A still from Midnight Traveler by Hazan Fazili, an official selection of the World Cinema Documentary Competition at the 2019 Sundance Film Festival. Courtesy of Sundance Institute | photo by Lutfallah Bakhtary. All photos are copyrighted and may be used by press only for the purpose of news or editorial coverage of Sundance Institute programs. Photos must be accompanied by a credit to the photographer and/or ‘Courtesy of Sundance Institute.’ Unauthorized use, alteration, reproduction or sale of logos and/or photos is strictly prohibited.

What do we know about living in uncertainty? How about bitterness? Do we know what does it mean to flee a country once we called home for another one, hoping that the new one will justify its mean? For the right person with the right intelligence, there’s no need to be in that position to understand what the Fazili family had to go through in “Midnight Traveler”, or, what so far they’ve been able to capture in this truly heartbreaking story shot in three different mobile phones.

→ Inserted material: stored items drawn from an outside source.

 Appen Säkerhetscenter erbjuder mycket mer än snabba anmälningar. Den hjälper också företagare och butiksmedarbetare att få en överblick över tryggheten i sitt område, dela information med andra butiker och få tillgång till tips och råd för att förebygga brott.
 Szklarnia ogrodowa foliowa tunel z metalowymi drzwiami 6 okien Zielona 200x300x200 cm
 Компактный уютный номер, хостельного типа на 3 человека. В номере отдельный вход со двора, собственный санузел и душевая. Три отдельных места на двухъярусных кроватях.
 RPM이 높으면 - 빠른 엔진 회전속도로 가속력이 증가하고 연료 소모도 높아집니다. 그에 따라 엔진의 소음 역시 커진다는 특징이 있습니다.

“Midnight Traveler” follows Afghani filmmaker Hassan Fazili and his family comprising of two daughters, Nargis and Zahra, and his ever caring wife, Fatima, who found themselves on the road in hopes to find refuge to safeguard their lives from being taken by the Taliban. As soon as Hassan Fazili learns about his upcoming fate, he runs to Tajikistan to spend a year and a half to get refugee status, but instead, he was declined and forced to leave the country for good. He, of course, goes back to his home town to find himself again in great danger, realizing it`s better if they leave the country for Europe.

The film captures all the struggles that are brought by uncertainty, by citizens who did not want to welcome refugees, and one country after another that would refuse to accept newcomers. Their journey was not pleasant at all, thanks to the smugglers that would hold them in constant fear, blackmail of the same smuggles, and aggressive citizens who have no mercy or compassion to show. All that will result in an intense ride, kids that will be stressed out enough. But even all that nightmare does not take away one thing, and without this all this would mean nothing – the family’s unity.

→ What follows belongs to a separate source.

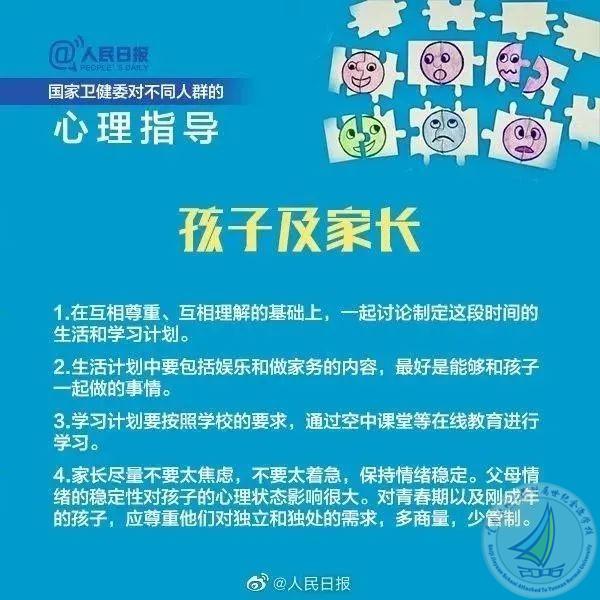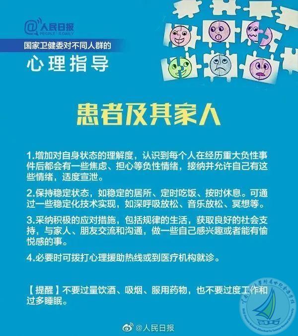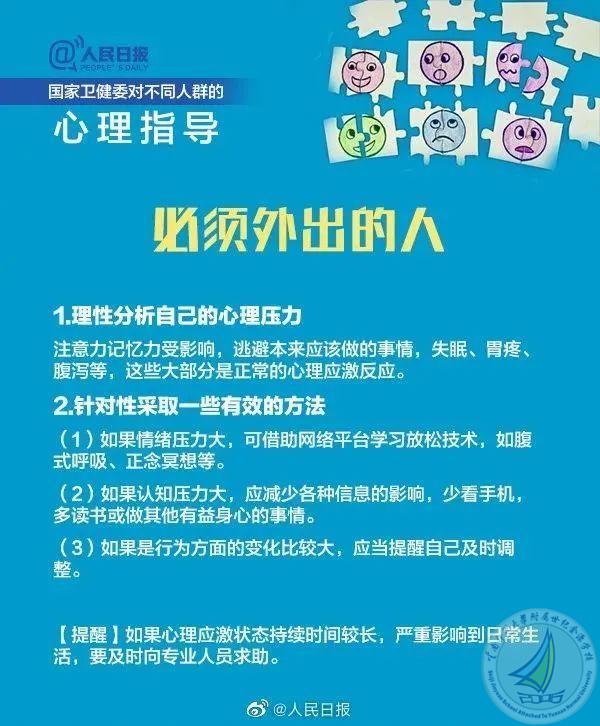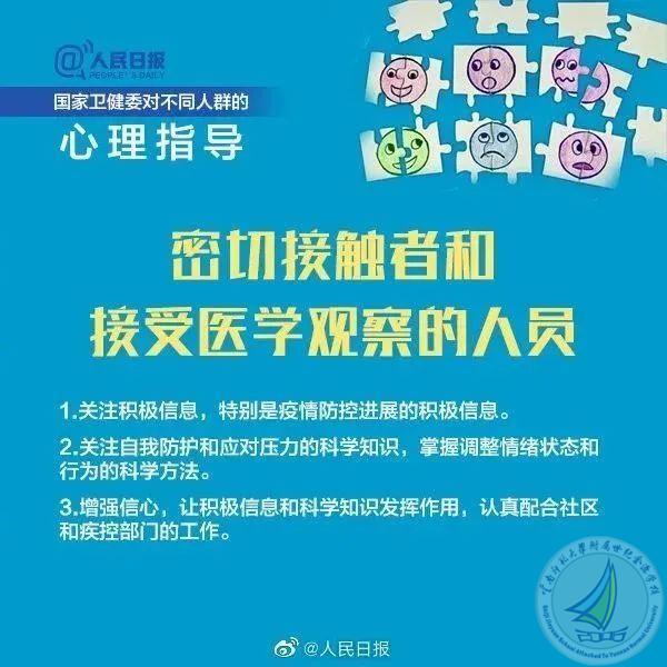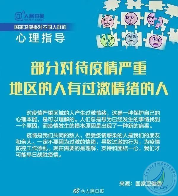 为加强疫情防控中公众的心理疏导工作,中央文明办、国家卫健委推荐了10条应对疫情心理疏导的视频短片(10条应对疫情心理疏导短片(附国家卫健委疫情心理指南)_腾讯新闻 (qq.com)),分别针对老年人、儿童、青少年、孕产妇、返岗工作人员、一线防疫人员、居家隔离人员、确诊(疑似)患者及家属、因疫情去世人员家属等人群在应对疫情过程中容易产生的心理问题,进行分众化、具象化的心理调适和心理抚慰。现分享《国家卫健委应对新型冠状病毒肺炎疫情心理指南》供您参考!守望相助,一起成长,我们永远在你身后!

What’s been depicted in “Midnight Traveler” happens one way or another in any part of the world. The Western world now openly rejects refugees, separates families, and keeps them apart for years. The uncertainty being captured in Hassan Fazili’s film is similar to what many go through on a daily basis. But the reality is, they will either get permanent status at some point, or will be deported in the middle of the night without any notice.

This film clearly captures not only why the refugee crisis exists, but why we should be open minded and mindful when it comes to paying attention to their stories. The point here is not to open the border to every single person, but to the ones who really deserve it, and not those who make up strange stories to get permanent status. Will the Fazili family be granted asylum is a matter of time that tends to stretch out as much as it wants. By then, let’s hope they won’t lose their patience, not get some sickness due the stress caused – one not by traveling but the outcome they’re yet to face.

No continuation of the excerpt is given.